6.3 Constant review and improvement of Alpha’s processes
(a) The Parties intend to constantly review Alpha’s supply chain and global footprint to create customer benefits and add value to the business (with focus on mature product groups).
(b) The Parties agree to continue to review other core processes of Alpha’s business (e.g., engineering, marketing & sales, strategy planning).
7. Organizational Structure and Headquarters
7.1 BidCo intends to maintain and to expand Alpha’s current operations and organizational structure to the extent practicably possible. This includes Alpha Group’s international operations and sites. Alpha’s legal domicile, headquarter and operations will remain in Herzogenrath, Germany.
7.2 Alpha has initiated certain steps towards reorganizing its corporate functions. Subject to constant review and alignment to the changing business and industry environment, the Parties will continue to pursue and complete the steps initiated by Alpha prior to the execution of this Agreement.
7.3 BidCo and the BidCo Shareholders will maintain and potentially expand the existing global set up with three (3) leading technology hubs in Germany, United Kingdom and the United States leveraging their close proximity to leading high tech eco-systems and the core markets for Alpha’s Technology.

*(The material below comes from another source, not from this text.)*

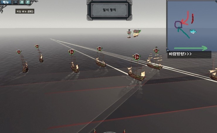 바람머리를 선취했을때 이점은 함대가 순풍을 받게 된다, 즉 적 함대는 역풍을 받게 되겠죠?
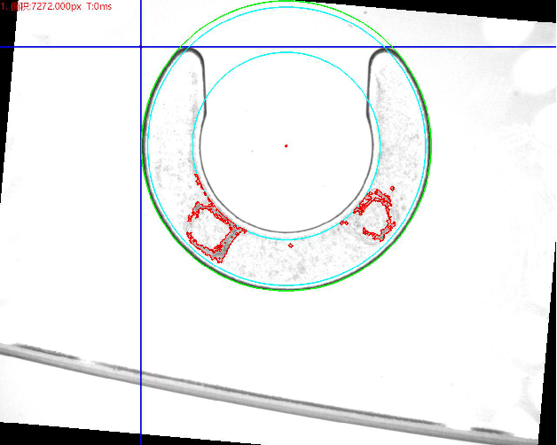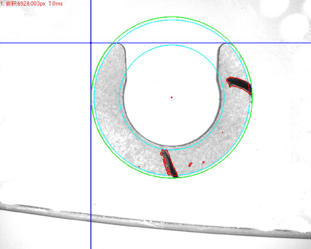 底部蓝光检测不良品分析图:NG 不良原因:压伤

Further international technology hubs may be established. To preserve Alpha’s role as a leading technology firm and frontrunner on innovation, BidCo and the BidCo Shareholders will enable Alpha to further invest, in particular, in Herzogenrath (Germany), as well as in the Silicon semiconductor activities in Sunnyvale, California, United States, but also in other locations (including the United Kingdom), to drive its R&D and sales activities.
8. Workforce and Employees
8.1 BidCo and the BidCo Shareholders and Alpha view the Transaction as a unique opportunity for growth and expansion of Alpha’s workforce. The Transaction is not directed towards cost reductions or layoffs to the detriment of Alpha’s personnel. The opening of new production sites close to Alpha’s clients will be considered.
8.2 Given Alpha’s multinational structure, including in such markets in which BidCo and the BidCo Shareholders do not yet have any exposure or expertise, BidCo and the BidCo Shareholders will heavily rely on the competence and commitment of Alpha’s employees. Both Parties are, therefore, fully committed to retaining and further strengthen Alpha’s employment base and talent all subject to market conditions and strategic goals, to be determined in the future together with Alpha and its management. The Parties generally plan to grow Alpha’s business and, in line with that, workforce by hiring qualified experts on an international scale, in particular, in the area of technologies and innovations as well as manufacturing processes.
8.3 In light of the growth strategy for the Chinese market, the Parties intend to expand and align their local set up in the PRC (including Alpha’s local application lab).
8.4 The Parties acknowledge and agree that the excellence of Alpha’s workforce is essential for the successful execution of the strategy and will continue Alpha’s approach of constant productivity improvement.
8.5 In the event that the Company Shares cease to be listed on Frankfurt Stock Exchange, any participant in Alpha’s stock options programs will be treated in complete compliance with German corporate and other applicable law.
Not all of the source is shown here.